DATASET SECTION
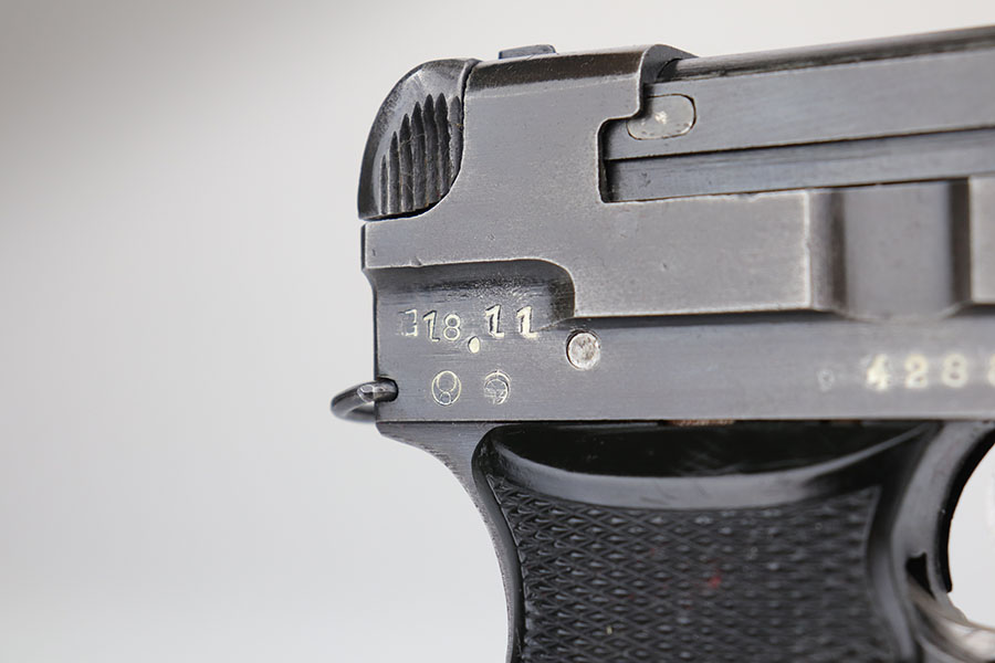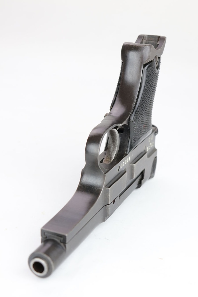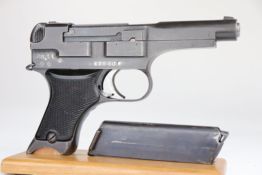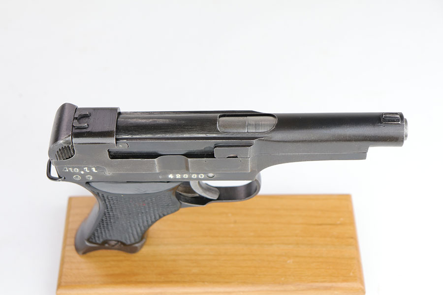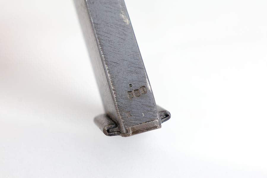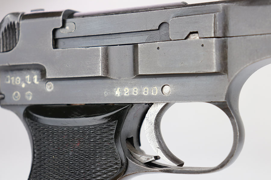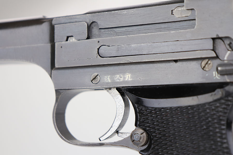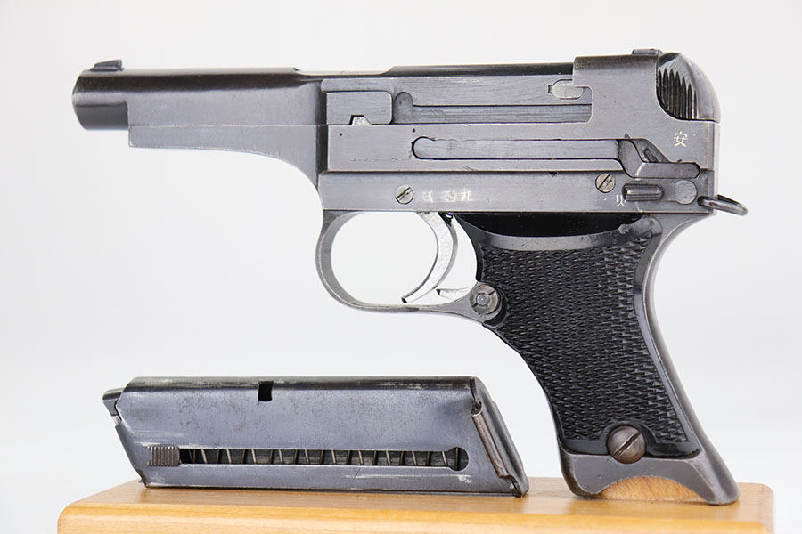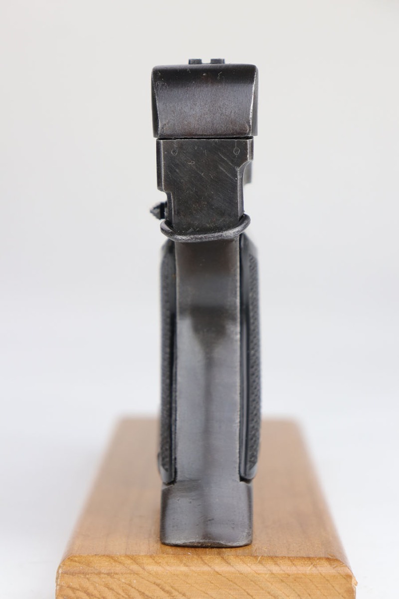 4/18/20 – This is an all matching and original Type 94 Nambu as produced at the Nagoya Arsenal in November of 1943. The pistol has a nice profile with only minor high edge wear, but most finish loss is on the straps. Minty bore and excellent grips. Original matching magazine.
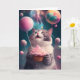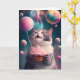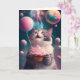 Födelsedagskort med en söt katt med en rosa cupkaka och rosa ballonger. Det här kortet kan enkelt överföras till andra storlekar och format, vilket gör att du kan anpassa det efter dina behov helt och hållet kostym.
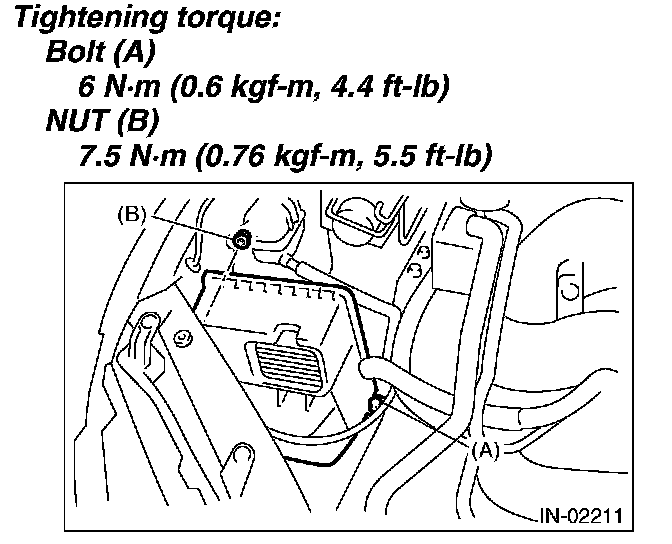 9. Remove the bolts (A) and nuts (B) which secure the air cleaner case (front) to the body.

EXERCISE
Print the whole listing above once more, word for word, without its pictures.

TASK ANSWER
 4/18/20 – This is an all matching and original Type 94 Nambu as produced at the Nagoya Arsenal in November of 1943. The pistol has a nice profile with only minor high edge wear, but most finish loss is on the straps. Minty bore and excellent grips. Original matching magazine.
 Födelsedagskort med en söt katt med en rosa cupkaka och rosa ballonger. Det här kortet kan enkelt överföras till andra storlekar och format, vilket gör att du kan anpassa det efter dina behov helt och hållet kostym.
 9. Remove the bolts (A) and nuts (B) which secure the air cleaner case (front) to the body.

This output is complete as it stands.